У Виктора ясные планы. Он работает, недавно его выбрали в комсомольское бюро, он хочет поступать в заводской втуз, хочет конструировать новые модели автомобилей. Во втузе есть такой факультет.
— Там у них неделя рабочая, неделя учебная. Удобно, честное слово, и в материальном смысле, и в смысле усвоения учебной программы. А на втором курсе, как сопромат сдадим, можно жениться!
Есть у него знакомые девушки, но это так, танцы там, в кино сходить, несерьезно. А жениться он еще не знает на ком, но ему кажется, что она непременно будет медсестрой.
— Сдал сопромат — можешь жениться! — это так наши студенты говорят. Головастая наука — сопротивление материалов…
Сначала Виктор будет жить с будущей своей женой в общежитии, а потом завод предоставит ему жилплощадь.
— Или кооператив купим. Уж там как-нибудь наскребем. Выкрутимся. И прописку дадут.

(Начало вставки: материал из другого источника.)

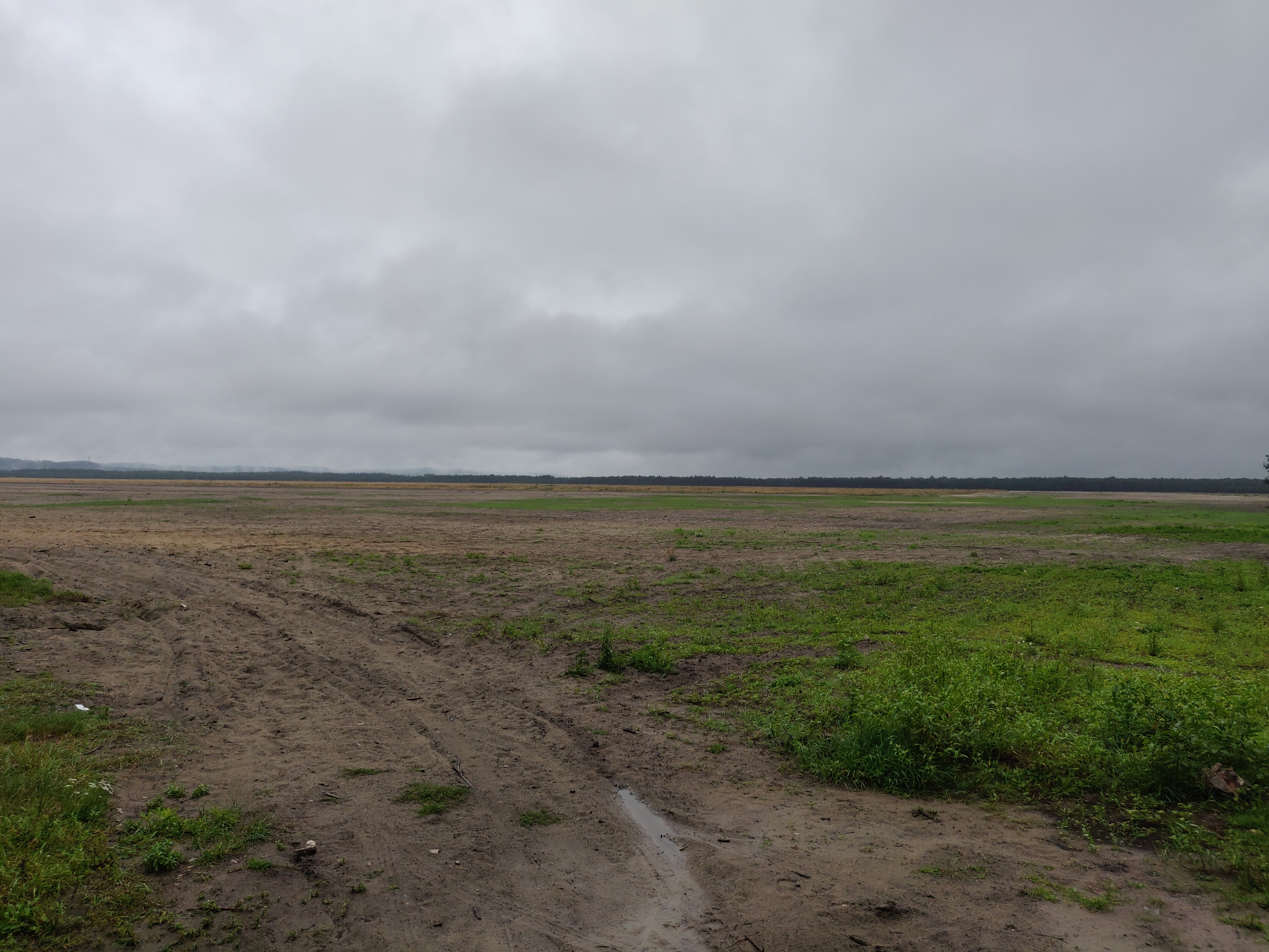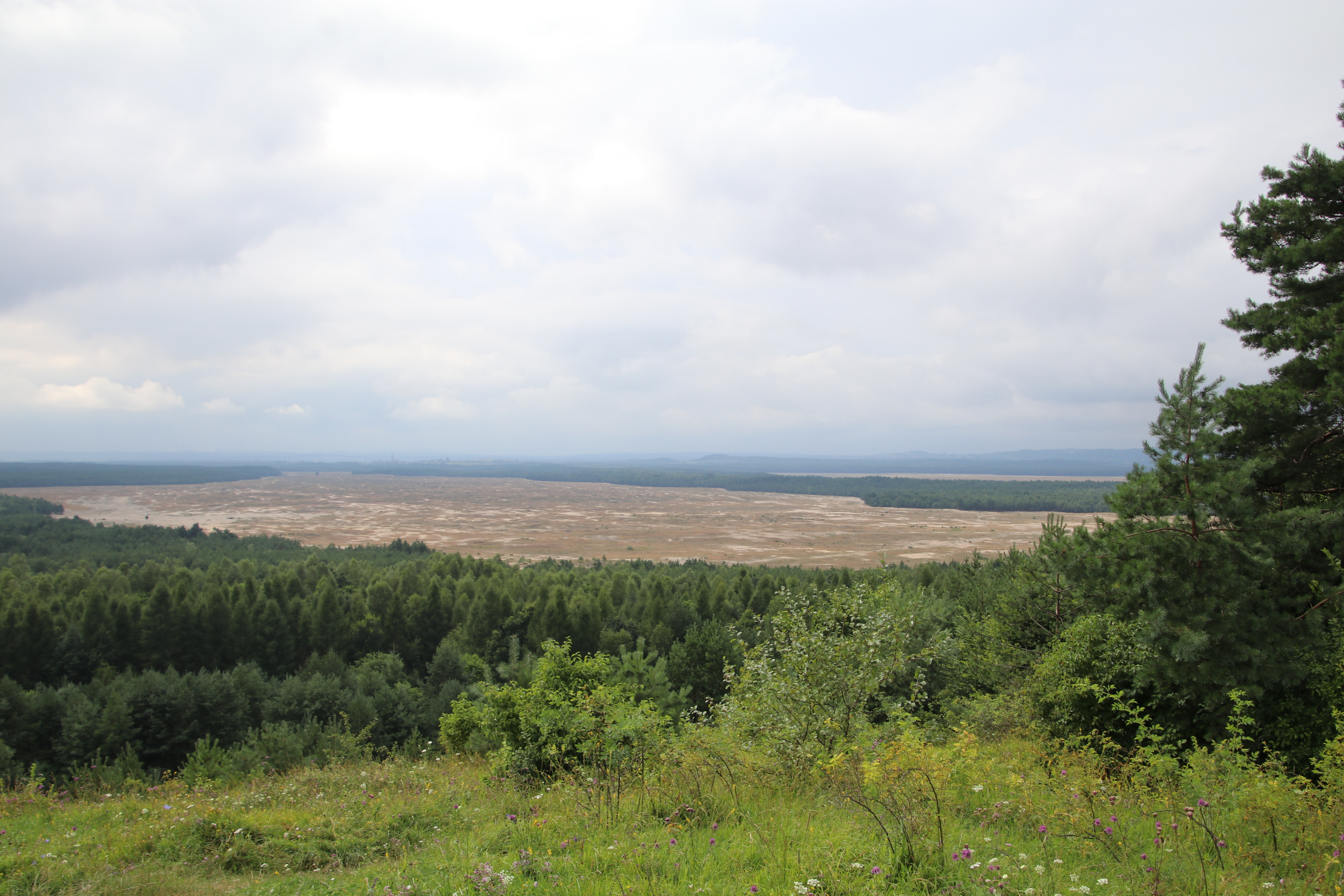 Wüsten verbindet man ja eigentlich mit Sand, Hitze und Trockenheit. Wir campen am Rande der größten Sandwüste Europas, der Błędów-Wüste. Sand gibt es also, allerdings ist es kalt und nass. Die Nacht hat es weiterhin durchgeregnet, auch am Morgen bleibt es regnerisch. Wir schlafen aus, frühstücken in Ruhe und fahren erst einmal zum leider geschlossenen Wüsten-Informations-Zentrum (ob man das mit „WItZ“ abkürzt?).

И так все это у него точно было расписано и разложено по чистым полочкам, что мне стало не по себе, я решил, что надо переменить тему, спросил:
— А родители живы? Папа, мама?
— Живут! Чего с ними… Пенсионеры оба. Ну, по дому дел у них хватает, да и сад еще. Навалом дел, честное слово. Навалом, Геннадий Сергеевич, дорогой вы мой! — так он сказал, а затем вкратце весело и доверчиво поведал, какой у них сад, сколько яблонь, сколько кустов смородины, черной, красной, белой, сколько крыжовника усатого, сколько корней клубники, «ананасовой» и «виктории».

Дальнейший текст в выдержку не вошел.